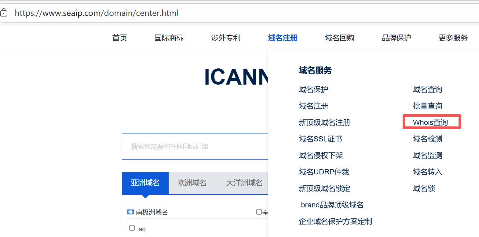 3. 支持全球1198种域名后缀的WHOIS查询,包过亚洲、欧洲、非洲、美洲、大洋洲等;
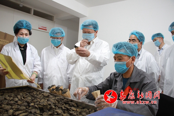 馬曉旬一行先后來到咸陽秦御茯茶有限公司、涇渭茯茶有限公司、仙喜辣木茯茶有限公司,走進展銷區(qū)、生產(chǎn)車間、手工茶作坊、倉儲室,詳細了解茯茶發(fā)展思路、生產(chǎn)工藝、原料供應(yīng)、展銷等情況。KqL安康新聞網(wǎng)
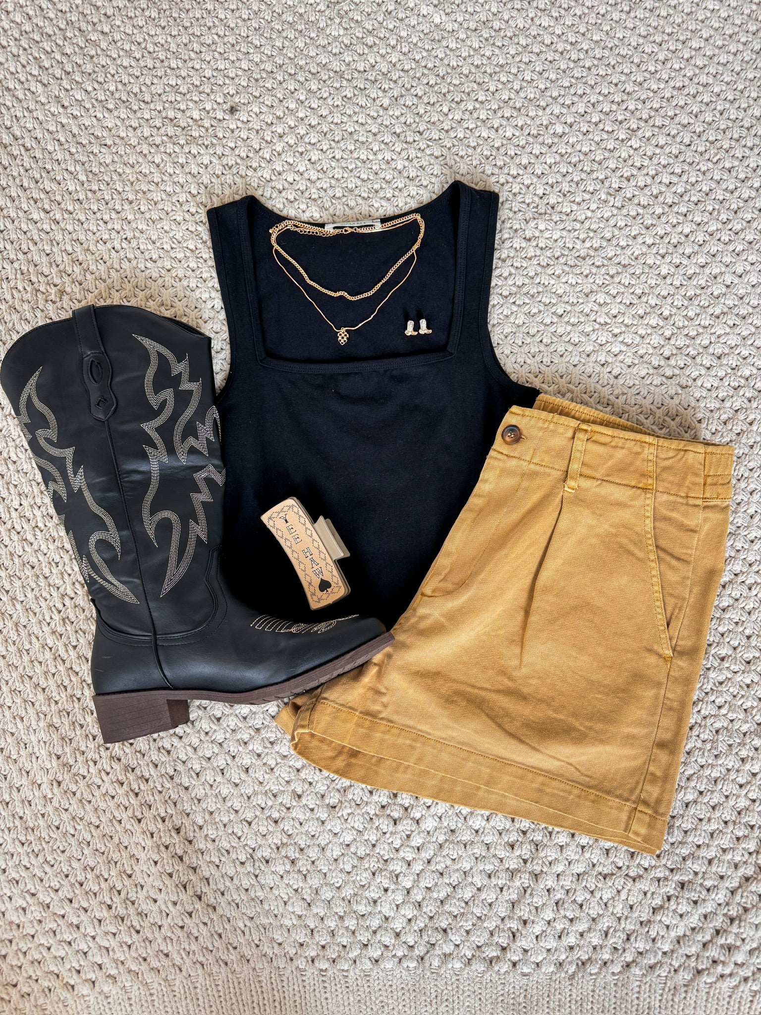 Looking for a good alternative to a true denim short? Look no further. Our Shawn Shorts feature a sturdy canvas fabric, longer-length inseam, high rise waist, full sized pockets, belts loops, elastic waistband and tapered fit.
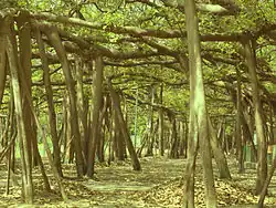 Le figuier indien, Ficus bengalensis, dont les branches s'enracinent comme de nouveaux arbres sur une grande surface. Les racines donnent ensuite naissance à d'autres troncs et branches. En raison de cette caractéristique et de sa longévité, cet arbre est considéré comme immortel et fait partie intégrante des mythes et légendes de l'Inde. Aujourd'hui encore, le banian de l'Inde est le point central de la vie du village et le conseil du village se réunit à l'ombre de cet arbre[7].
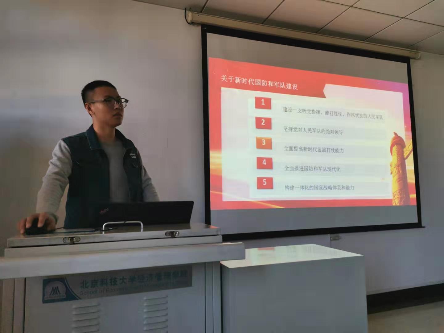 本次党课学习的主题是“把人民军队全面建设成世界一流军队——关于新时代国防和军队建设”。刘维同志通过播放征兵宣短片,唤起了大家心中关于国庆70周年阅兵盛典的记忆,让大家再一次领略到中国军人的风采,同时也带领大家再一次走近了我们的人民军队,开启了本次的学习之旅。

::::

● **Work to complete**
Please transcribe, word for word, every line from the first line of the records above through the line containing "Le figuier indien, Ficus", and leave out any pictures.

● **Written answer**
 3. 支持全球1198种域名后缀的WHOIS查询,包过亚洲、欧洲、非洲、美洲、大洋洲等;
 馬曉旬一行先后來到咸陽秦御茯茶有限公司、涇渭茯茶有限公司、仙喜辣木茯茶有限公司,走進展銷區(qū)、生產(chǎn)車間、手工茶作坊、倉儲室,詳細了解茯茶發(fā)展思路、生產(chǎn)工藝、原料供應(yīng)、展銷等情況。KqL安康新聞網(wǎng)
 Looking for a good alternative to a true denim short? Look no further. Our Shawn Shorts feature a sturdy canvas fabric, longer-length inseam, high rise waist, full sized pockets, belts loops, elastic waistband and tapered fit.
 Le figuier indien, Ficus bengalensis, dont les branches s'enracinent comme de nouveaux arbres sur une grande surface. Les racines donnent ensuite naissance à d'autres troncs et branches. En raison de cette caractéristique et de sa longévité, cet arbre est considéré comme immortel et fait partie intégrante des mythes et légendes de l'Inde. Aujourd'hui encore, le banian de l'Inde est le point central de la vie du village et le conseil du village se réunit à l'ombre de cet arbre[7].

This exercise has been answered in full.